That is, a negative electrode plate for a lead storage battery according to the present invention is for a lead storage battery comprising an active material containing carbon particles and a lattice body having a lattice portion in which a plurality of grids are formed and holding the active material. A value obtained by dividing the carbon conductivity of the carbon particles obtained by the following formula (1) by the mesh area of the lattice obtained by the following formula (2) (carbon conductivity / mesh area) Is 1.0 × 10 ¹⁷ Ω ⁻¹ · m ⁻⁴ · mass% or more.

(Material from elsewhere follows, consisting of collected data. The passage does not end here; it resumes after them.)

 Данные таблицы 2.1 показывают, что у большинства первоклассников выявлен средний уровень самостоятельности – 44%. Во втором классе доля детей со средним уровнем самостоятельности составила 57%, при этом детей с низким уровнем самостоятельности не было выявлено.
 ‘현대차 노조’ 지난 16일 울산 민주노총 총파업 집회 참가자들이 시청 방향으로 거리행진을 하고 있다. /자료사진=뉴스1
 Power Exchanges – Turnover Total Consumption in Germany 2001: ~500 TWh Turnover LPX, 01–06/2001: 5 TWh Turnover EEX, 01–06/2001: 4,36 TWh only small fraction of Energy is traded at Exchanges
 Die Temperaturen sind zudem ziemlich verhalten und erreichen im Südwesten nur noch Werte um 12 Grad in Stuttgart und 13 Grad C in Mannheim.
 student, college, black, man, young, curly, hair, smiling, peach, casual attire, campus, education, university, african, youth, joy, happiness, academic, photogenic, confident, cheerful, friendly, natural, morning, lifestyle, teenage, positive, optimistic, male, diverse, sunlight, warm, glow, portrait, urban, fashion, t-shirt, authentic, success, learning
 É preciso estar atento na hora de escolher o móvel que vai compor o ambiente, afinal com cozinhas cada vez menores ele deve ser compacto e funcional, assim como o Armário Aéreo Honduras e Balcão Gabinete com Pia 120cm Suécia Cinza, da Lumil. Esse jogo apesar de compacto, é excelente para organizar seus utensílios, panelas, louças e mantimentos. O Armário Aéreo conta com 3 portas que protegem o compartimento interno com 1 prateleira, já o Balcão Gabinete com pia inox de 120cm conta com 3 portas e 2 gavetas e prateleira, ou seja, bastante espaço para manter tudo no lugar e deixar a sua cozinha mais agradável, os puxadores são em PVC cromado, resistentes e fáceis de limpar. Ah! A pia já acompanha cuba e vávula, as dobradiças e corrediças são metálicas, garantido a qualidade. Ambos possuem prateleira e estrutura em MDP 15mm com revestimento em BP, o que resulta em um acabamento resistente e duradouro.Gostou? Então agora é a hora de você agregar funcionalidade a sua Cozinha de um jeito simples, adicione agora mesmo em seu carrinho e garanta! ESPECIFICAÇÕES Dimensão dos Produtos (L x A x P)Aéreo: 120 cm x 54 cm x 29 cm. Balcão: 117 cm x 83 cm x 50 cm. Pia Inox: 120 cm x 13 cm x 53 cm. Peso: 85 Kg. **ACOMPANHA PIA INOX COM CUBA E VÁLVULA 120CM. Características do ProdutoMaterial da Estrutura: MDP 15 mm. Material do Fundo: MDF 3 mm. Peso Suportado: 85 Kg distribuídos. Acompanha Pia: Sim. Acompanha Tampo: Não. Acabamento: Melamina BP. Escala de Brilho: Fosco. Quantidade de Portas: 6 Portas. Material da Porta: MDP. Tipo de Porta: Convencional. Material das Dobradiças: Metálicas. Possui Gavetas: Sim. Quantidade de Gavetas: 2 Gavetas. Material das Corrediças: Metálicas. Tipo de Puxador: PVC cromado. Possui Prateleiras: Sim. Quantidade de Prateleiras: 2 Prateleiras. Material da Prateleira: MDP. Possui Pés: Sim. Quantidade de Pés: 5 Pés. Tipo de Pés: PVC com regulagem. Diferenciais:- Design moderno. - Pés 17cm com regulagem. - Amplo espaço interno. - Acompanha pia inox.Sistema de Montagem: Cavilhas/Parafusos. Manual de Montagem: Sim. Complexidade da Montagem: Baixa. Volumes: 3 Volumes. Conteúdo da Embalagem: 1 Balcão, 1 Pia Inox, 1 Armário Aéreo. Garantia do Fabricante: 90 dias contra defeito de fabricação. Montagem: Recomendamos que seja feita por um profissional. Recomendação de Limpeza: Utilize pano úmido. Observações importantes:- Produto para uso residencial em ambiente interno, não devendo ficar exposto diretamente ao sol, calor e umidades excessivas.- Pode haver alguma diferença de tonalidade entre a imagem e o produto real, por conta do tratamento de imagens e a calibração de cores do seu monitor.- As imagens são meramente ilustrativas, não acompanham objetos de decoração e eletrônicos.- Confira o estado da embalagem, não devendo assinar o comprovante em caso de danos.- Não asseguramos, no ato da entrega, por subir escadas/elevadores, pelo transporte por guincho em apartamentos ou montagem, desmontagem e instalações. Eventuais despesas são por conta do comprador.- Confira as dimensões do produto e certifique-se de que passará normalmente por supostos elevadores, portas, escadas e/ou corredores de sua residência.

Carbon conductivity (× 10 ¹³ Ω− ¹ · m ⁻² ·% by mass) = content (% by mass) in the active material after chemical conversion / {powder resistivity (× 10 ⁻⁴ Ω · m) × average particle diameter (× 10 ⁻⁹ m)} Expression (1)
Mesh area (× 10 ⁻⁴ m ² ) = lattice width (× 10 ⁻² m) × lattice height (× 10 ⁻² m) / number of squares (2)

  Here, in the above formula (1), the powder resistivity can be obtained by, for example, a four-probe method using carbon particles extracted from the negative electrode active material by filtration or the like. The average particle size (average particle size of primary particles) is, for example, the carbon particles extracted from the negative electrode active material by filtration or the like, observed with an electron microscope or the like, and the primary particles in the observed aggregate (primary aggregate) It can be obtained by, for example, simply averaging the diameters.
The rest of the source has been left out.